Task brief
Apart from the pictures, write out all the records exactly.

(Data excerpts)
________________________

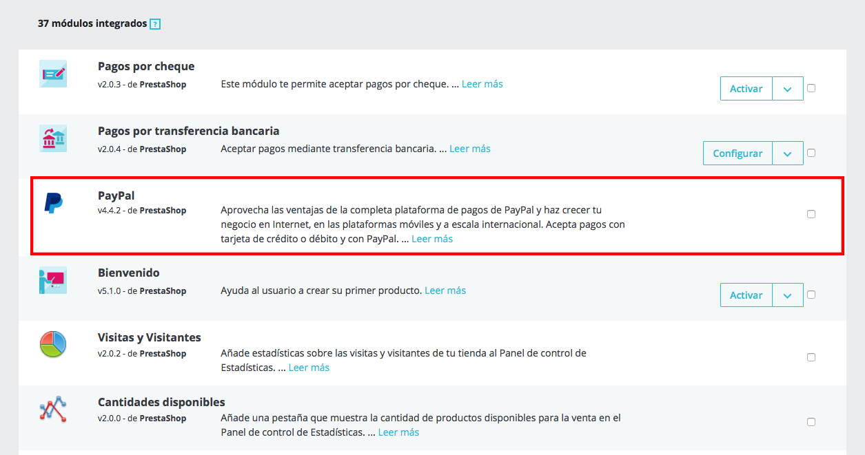 Marvin Primera Posted September 27, 2018 Share Posted September 27, 2018 Hola, buenas tardes... He actualizado prestashop a la versión 1.7.4.2 y he descargado desde el addons el modulo de PayPal 4.4.2, he hecho la instalación del módulo y al buscarlo en la lista de módulos este aparece, pero sin el botón para configurar, (adjunto pantalla) ¿Que podría estar pasando? Muchas gracias Link to comment Share on other sites More sharing options...
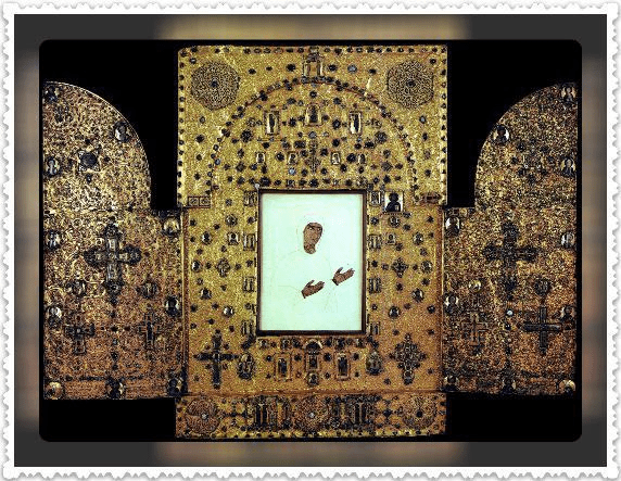 Одно из преданий рассказывает, что Тамара однажды собиралась к литургии в Гелатский монастырь. В это время ей доложили, что какая-то неизвестная нищая просит у ее терема милостыни. Царица приказала ей подождать. Когда же она через некоторое время вышла из терема, чтобы подать милостыню, нищей уже не было, и нигде ее не могли отыскать. Тамара встревожилась. Подумав, что в лице нищей она отказала Самому Господу, она сняла с себя то, что было причиной замедления — царскую повязку, и возложила ее на образ Богоматери.
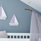 Les voiliers mesurent entre 36 et 42 cm, sont en 100% coton à l'extérieur et peuvent être lavés en machine. Ils sont en outre renforcés à l'intérieur avec un molleton léger afin qu'ils soient suspendus de manière stable et rigide au mur. Contenu : 2 voiliers.
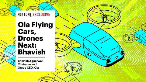 Ola’s Chairman and Group CEO Bhavish Aggarwal has set his eyes on his next big bet. He wants to fly into the future, quite literally. The 35-year-old entrepreneur said he wants to explore other options of mobility like flying cars. “We’ll look at mobility very holistically across the value chain, across products or paradigms. We’re looking at newer concepts more relevant to India like potentially flying cars etc, drones, etc.,” he told Fortune India.
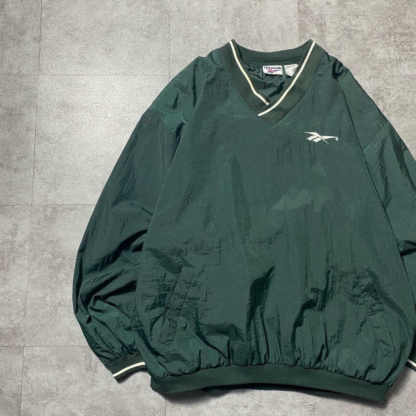90s Reebok 刺繍ワンポイント ベクターロゴ ラインリブ グリーン ナイロンプルオーバー
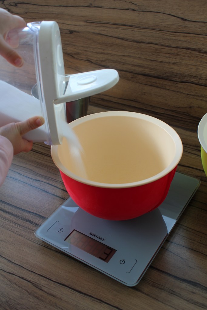 Seit Kurzem sind wir übrigens stolze Besitzer der neuen Küchenwaage von Soehnle, der „Page Aqua Proof“. Und über diese Kooperation hab ich mich besonders gefreut, denn unsere alte vom Discounter wurde alle 2 Jahre ausgetauscht und wackelte wie ein Kuhschwanz. Der Knaller an der neuen Waage ist, dass sie nicht nur unter fließendem Wasser abgewaschen werden kann, nein, sie kann direkt mit in die Spülmaschine. Die ersten Male hab ich sie nur abgewaschen, bevor ich mich traute sie in die Spülmaschine zu stellen. Meine Sorge war total unnötig und mittlerweile kommt sie da öfter rein, eben immer, wenn sie stark verschmutzt ist. Heut hätten wir sie auch spülen können, aber Valentina soll sich ja schonen und ich helf ihr dabei solidarisch 😉

________________________

Written response
 Marvin Primera Posted September 27, 2018 Share Posted September 27, 2018 Hola, buenas tardes... He actualizado prestashop a la versión 1.7.4.2 y he descargado desde el addons el modulo de PayPal 4.4.2, he hecho la instalación del módulo y al buscarlo en la lista de módulos este aparece, pero sin el botón para configurar, (adjunto pantalla) ¿Que podría estar pasando? Muchas gracias Link to comment Share on other sites More sharing options...
 Одно из преданий рассказывает, что Тамара однажды собиралась к литургии в Гелатский монастырь. В это время ей доложили, что какая-то неизвестная нищая просит у ее терема милостыни. Царица приказала ей подождать. Когда же она через некоторое время вышла из терема, чтобы подать милостыню, нищей уже не было, и нигде ее не могли отыскать. Тамара встревожилась. Подумав, что в лице нищей она отказала Самому Господу, она сняла с себя то, что было причиной замедления — царскую повязку, и возложила ее на образ Богоматери.
 Les voiliers mesurent entre 36 et 42 cm, sont en 100% coton à l'extérieur et peuvent être lavés en machine. Ils sont en outre renforcés à l'intérieur avec un molleton léger afin qu'ils soient suspendus de manière stable et rigide au mur. Contenu : 2 voiliers.
 Ola’s Chairman and Group CEO Bhavish Aggarwal has set his eyes on his next big bet. He wants to fly into the future, quite literally. The 35-year-old entrepreneur said he wants to explore other options of mobility like flying cars. “We’ll look at mobility very holistically across the value chain, across products or paradigms. We’re looking at newer concepts more relevant to India like potentially flying cars etc, drones, etc.,” he told Fortune India.
90s Reebok 刺繍ワンポイント ベクターロゴ ラインリブ グリーン ナイロンプルオーバー
 Seit Kurzem sind wir übrigens stolze Besitzer der neuen Küchenwaage von Soehnle, der „Page Aqua Proof“. Und über diese Kooperation hab ich mich besonders gefreut, denn unsere alte vom Discounter wurde alle 2 Jahre ausgetauscht und wackelte wie ein Kuhschwanz. Der Knaller an der neuen Waage ist, dass sie nicht nur unter fließendem Wasser abgewaschen werden kann, nein, sie kann direkt mit in die Spülmaschine. Die ersten Male hab ich sie nur abgewaschen, bevor ich mich traute sie in die Spülmaschine zu stellen. Meine Sorge war total unnötig und mittlerweile kommt sie da öfter rein, eben immer, wenn sie stark verschmutzt ist. Heut hätten wir sie auch spülen können, aber Valentina soll sich ja schonen und ich helf ihr dabei solidarisch 😉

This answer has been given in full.